Recall that a bilinear map $B: X \times Y \to Z$ corresponds to a linear map $b: X \otimes Y \to Z$. An element of the tensor product can be written as a finite sum $\sum x_i \otimes y_i$ and since $b$ is linear we have $b(\sum x_i \otimes y_i) = \sum b(x_i \otimes y_i) = \sum B(x_i,y_i)$. Now we want a norm on $X \otimes Y$ such that $b$ is bounded if and only if $B$ is bounded. Now $B$ is bounded if and only if $B$ is bounded on the elementary tensors, for which we have $\|B(x,y)\| \leq \|B\|\,\|x\|\,\|y\|$ so the norm of $\sum x_i \otimes y_i$ on $X \otimes Y$ had better be comparable to $\sum \|x_i\| \, \|y_i\|$. Now the problem is that this is not well defined because an element of $X \otimes Y$ has many decompositions into sums of elementary tensors. It turns out that the correct definition for the norm of $\omega \in X \otimes Y$ is
$$\|\omega \|_{\pi} = \inf\left\{ \sum \|x_i\|_X \, \|y_i\|_{Y} \,:\, \omega = \sum x_i \otimes y_{i}\right\}$$
where the infimum is taken over all (finite) representations $\omega = \sum x_i \otimes y_i$ as sum of elementary tensors. It is quite obvious that $\|\cdot\|_{\pi}$ is a semi-norm on $X \otimes Y$ satisfying $\|x \otimes y\|_{\pi} \leq \|x\|_{X} \|y\|_{Y}$. A bit more work shows that actually $\|x \otimes y\|_{\pi} = \|x\|_{X} \|y\|_{Y}$ and that $\| \cdot \|_{\pi}$ is a norm. Moreover, one can check that $\|B\| = \|b\|$, when the latter is computed as operator norm on $X \otimes Y$ with respect to $\|\cdot \|_{\pi}$. This gives us a bijection $$\text{Bil} (X,Y;Z) = \text{Hom}(X \otimes Y, Z)$$ between the spaces of bounded bilinear maps $X \times Y \to Z$ and bounded linear maps $X \otimes Y \to Z$. Now if $X,Y$ happen to be Banach spaces then $X \otimes Y$ no longer is a Banach space in general, so we may simply complete it and we write $X \widehat{\otimes} Y$ for this completion. Combining this with the observation made by Mark in his answer, we get the (isometric) correspondences $$\Hom{(X \widehat{\otimes} Y, Z)} = \text{Bil}(X,Y;Z) = \Hom(X,\Hom(Y,Z))$$ which we know well from linear algebra. We equip all $\Hom$-spaces with their natural operator norms and the space $\text{Bil}$ with the norm I defined above.

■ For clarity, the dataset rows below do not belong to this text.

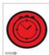
Tijdcontrole registratie passeertijd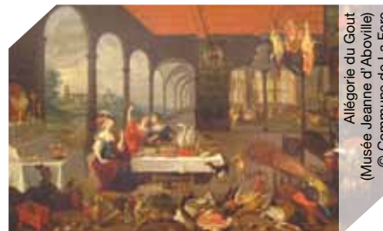
Allégorie du Gout (Musée Jeanne d'Aboville)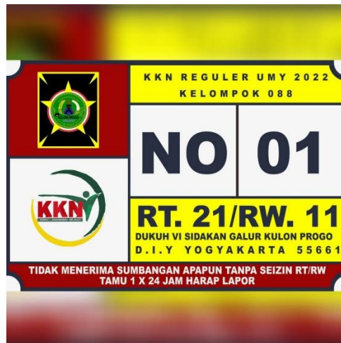
Gambar 2 Penomoran Rumah

format KK serta melakukan pemetaan Dusun Sidakan. Adapun output program penomoran rumah adalah sebagai berikut: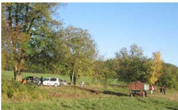
Sv. Isidor po úpravě a následném udržovacím zásahu.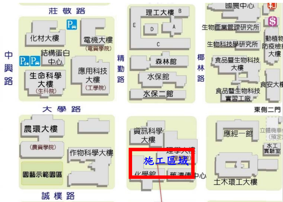
【理學院大樓及化學系館連接天橋施工位置】

※108年1月12日至3月12日理學大樓西側鋼架天橋油漆工程施工通知※-施工處如紅色標示區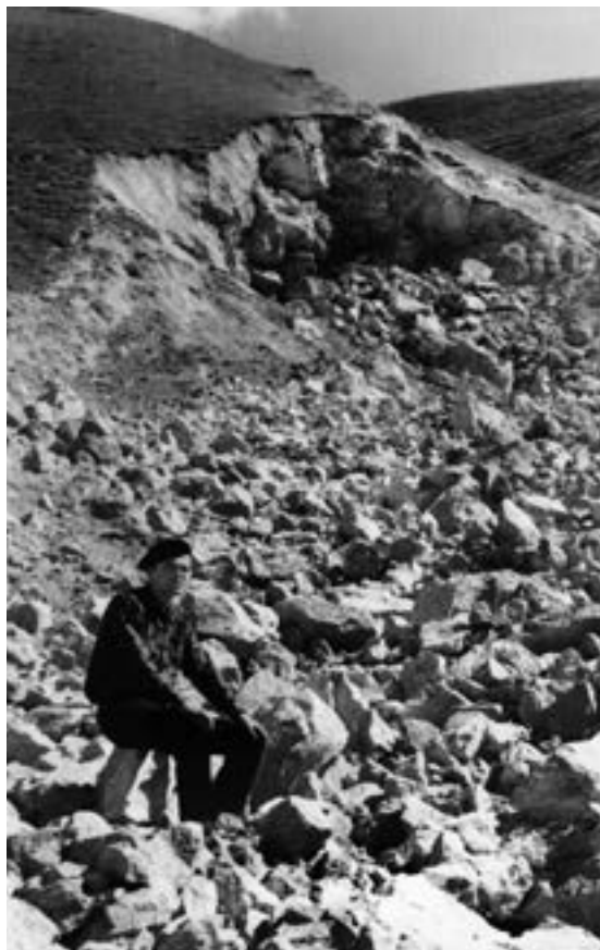
После мирного взрыва

людьми, меня иной раз просто шокировало. Другой менталитет. У нас такое невозможно по определению.

A bilinear transformation $B: X \times Y \to Z$ (normed spaces) is continuous if and only if $\left\Vert B\left(x,y\right)\right\Vert \le C\left\Vert x\right\Vert \left\Vert y\right\Vert $ for all $x \in X, y \in Y$, where $C$ is some positive constant. The infimum over all such $C$ gives a norm on the vector space of bilinear transformation $X \times Y \to Z$. A particularly elegant way to see this is as follows:
A bilinear transformation $B: X \times Y \to Z$ is the same as a linear transformation $X\to\mathcal{L}\left(Y,Z\right)$. You can take the operator norm on $\mathcal{L}\left(Y,Z\right)$ and ask whether $x\mapsto\left[y\mapsto B\left(x,y\right)\right]$ is then a well-defined continuous transformation (note that for fixed $x \in X$, the map $y \mapsto B(x,y)$ is not a-priori continuous, i.e. in $\mathcal{L}\left(Y,Z\right)$). This is true if and only if $B$ is continuous and then the operator norm of this transformation will be the optimal $C$ aforementioned.
$B(x,y)=xy$ is not a LINEAR operator from $\Bbb{R}^2$ to $\Bbb{R}$, although it is continuous. You can find easy counterexamples for this ($B(1,1), B(2,2)$).
The norm of a linear operator depends only the norm of the spaces where the operator is defined. If a continuous function is not bounded, then it surely is not linear, since for linear operators continuity and boundedness are equivalent concepts.